How do you handle webhook retries or duplicate re-embed jobs when a policy is updated rapidly?
The re-embed job is keyed by (policy_id, policy_version, clause_index) and is idempotent — running it twice writes the same row. We also debounce in the afterChange hook so rapid saves within a 30-second window collapse into one enqueue. The pgvector write itself uses an upsert on the composite key, so concurrent jobs cannot create duplicates.
What does the cost look like at, say, 1,000 tickets per day on Claude?
At roughly 3,500 input tokens and 400 output tokens per conversation turn (the structured retrieval keeps the context lean), Claude 3.5 Sonnet runs around $0.015–$0.025 per resolved ticket. At 1,000 tickets per day with a 70% containment rate, that is $300–$500/month in model spend. Embeddings and pgvector storage are noise compared to that. The real cost is the engineering build, not the inference.
How do you prevent the copilot from leaking one customer's order to another?
The customer ID is bound to the session on the server side and injected into every tool handler — the model never receives it and cannot pass an arbitrary customer ID. Order lookups are always filtered by that bound ID at the SQL layer. If a customer is not authenticated, `getOrderByReference` returns nothing and the gate refuses order-status intents. There is no path where the model can request another customer's data, because the tool surface does not expose one.
Can this pattern extend to other channels — WhatsApp, email autoresponders, Shopify chat?

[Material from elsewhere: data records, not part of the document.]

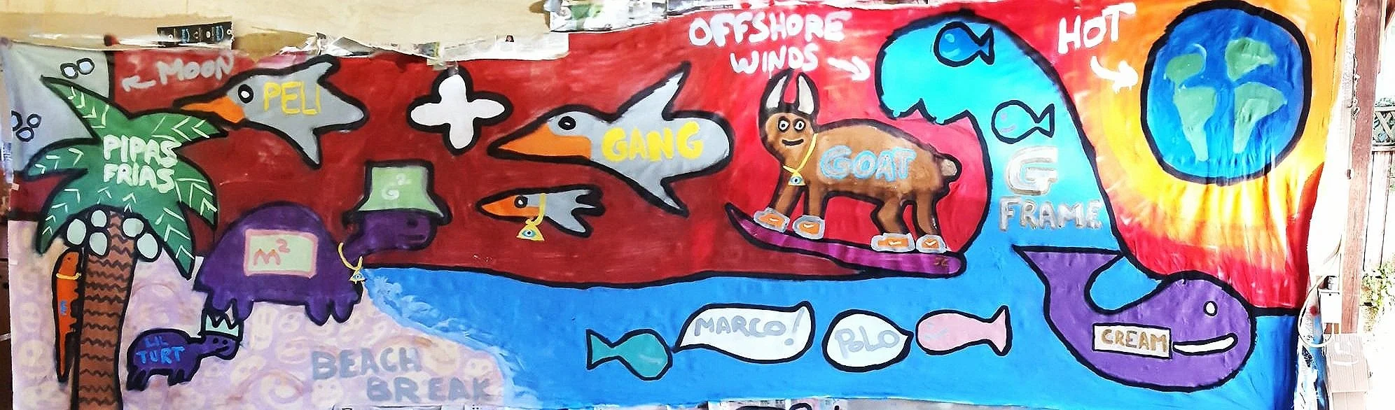 Santa Teresa Surf Trip - Spray paint graffiti on canvas 18x5.3 feet (5.5x1.6 meters)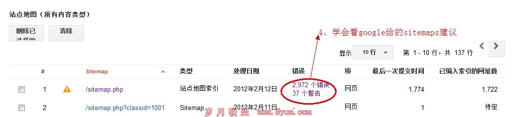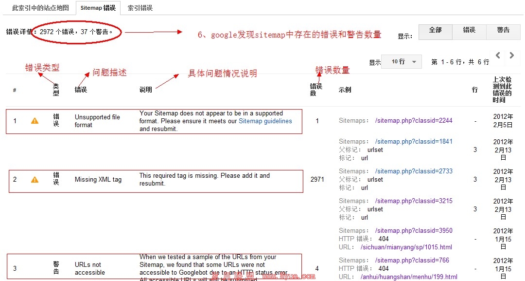 四,解读google发现的sitemap的错误和警告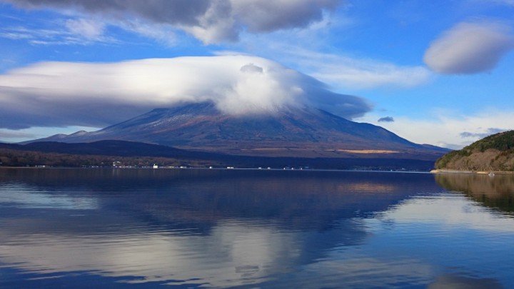 昨日の夜、冷たい雨が降りましたが早朝から晴れ間が見えた山中湖。富士山には冬らしく雪が積もっていますが、今まで雪が無かった石割山にも雪がありました。写真は朝9時、まるで今降っているかのような雲の掛かり具合でした。夕方には無くなってしまいました。今日の山中湖は晴れ、最低気温-3℃最高7℃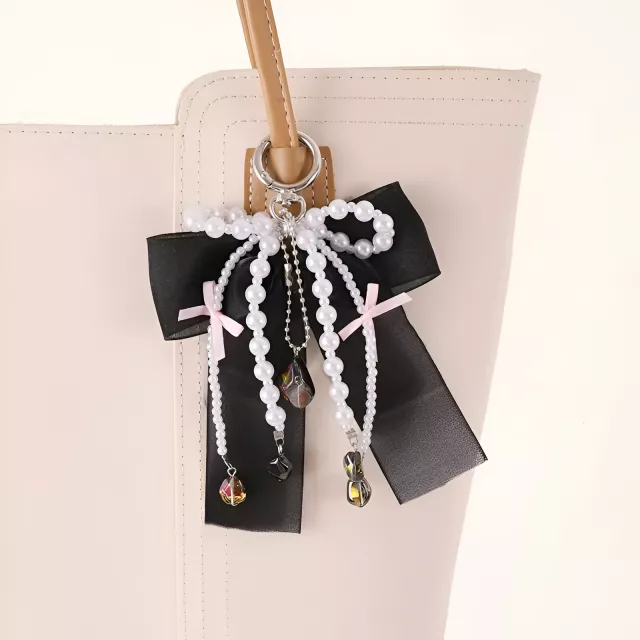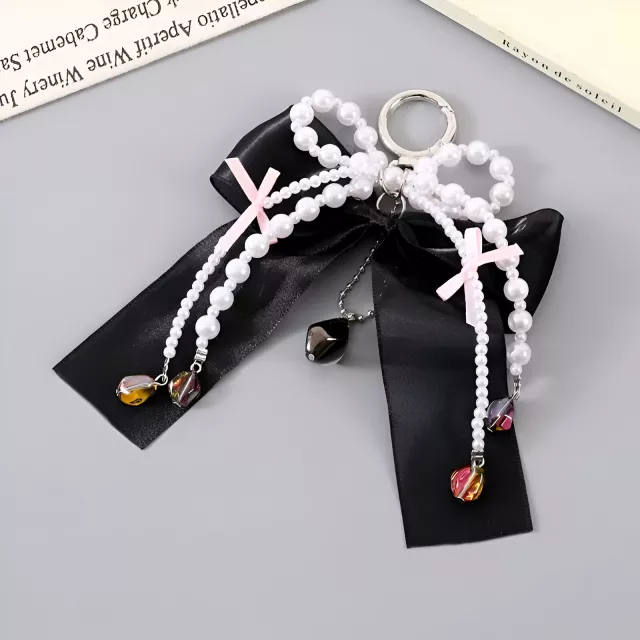 Elevate your everyday style with this Elegant Ribbon Bow Pearl Keychain — a perfect fusion of charm, sophistication, and practicality. Designed for women who appreciate a touch of luxury in the little things, this exquisite keychain features a delicate ribbon bow adorned with lustrous simulated pearls and sparkling black crystals. Whether hanging from your handbag, wallet, or phone, it adds a graceful sparkle that complements every outfit and occasion.
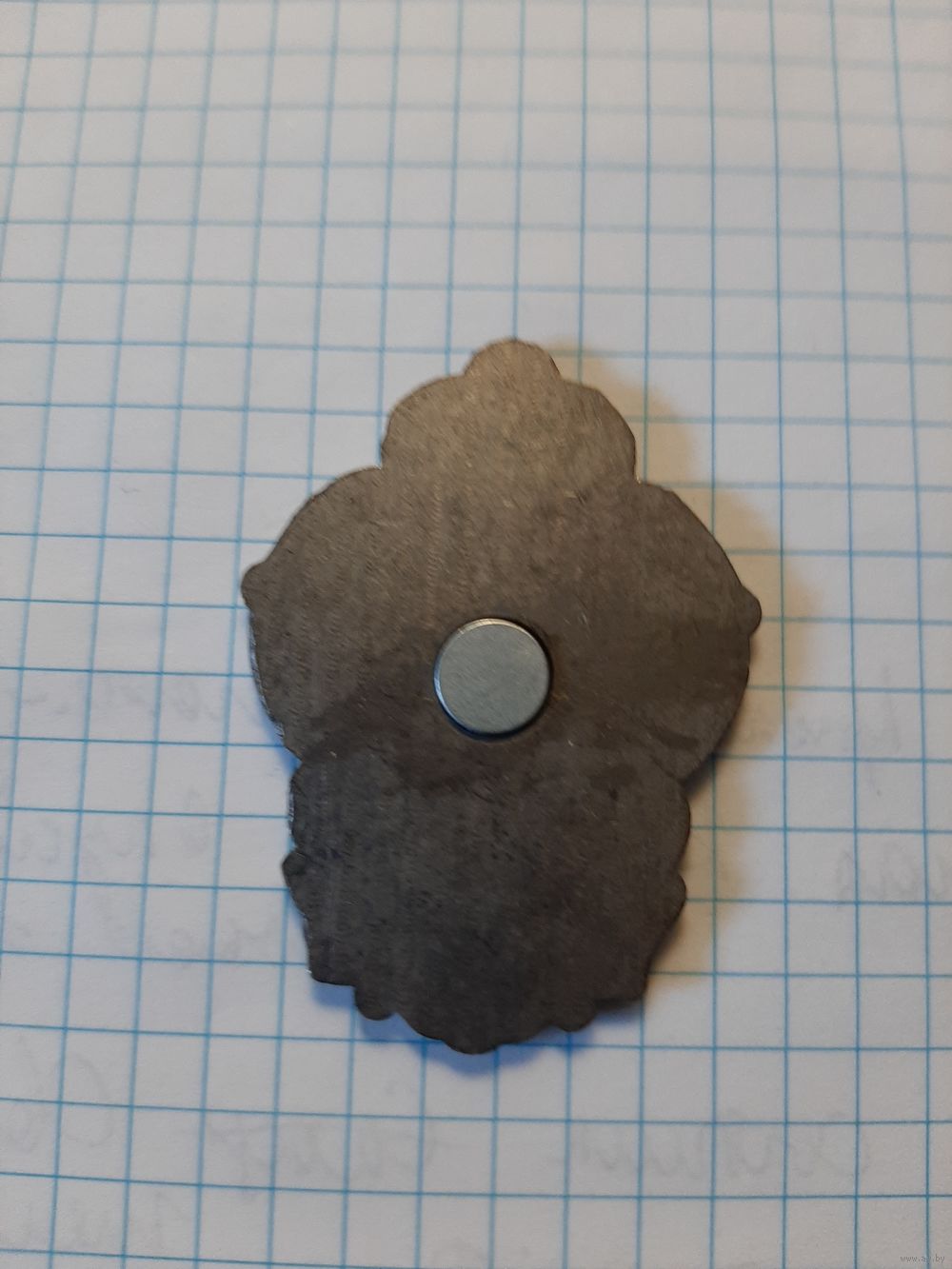 Тяжёлый метал, эмали. По сути, сделан как магнит на холодильник.
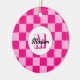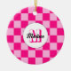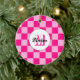 Schachtellichtes, heiß rosa geometrisches Retro Monogram Weihnachtsschmuck. Schachte Quadrate geometrische Retromuster Muster Urlaub Geschenk für sie. Vintages Kacheln heiß rosa modernes Schachbrett. Personalisieren Sie Ihre individuelle Eingabe und Ihren eigenen Namen.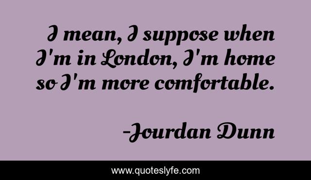 This page presents the quote "I mean, I suppose when I'm in London, I'm home so I'm more comfortable.". Author of this quote is Jourdan Dunn. This quote is about mean, london, comfortable,.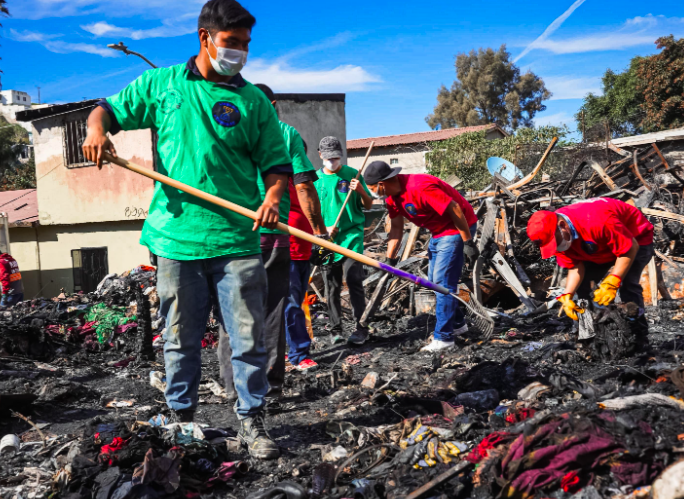 Tijuana, Baja California, a 18 de enero de 2026. Este domingo, el gobierno del presidente municipal Ismael Burgueño Ruiz, mantiene las labores de atención, acompañamiento y apoyo a las familias afectadas por el incendio registrado el sábado 17 de enero en la colonia Rancho Las Flores.

Yes. The retrieval layer and the gate are channel-agnostic — they sit behind a service boundary. We have wired the same context builder into a Next.js chat widget, an email triage worker (Resend inbound webhooks), and a WhatsApp Business handler. The only channel-specific work is intent classification on inbound and rendering citations on outbound. The grounding architecture does not change.

Pull quote

Embed the policy. Query the order. If the copilot is doing vector search to find out who the customer is, the architecture is already wrong.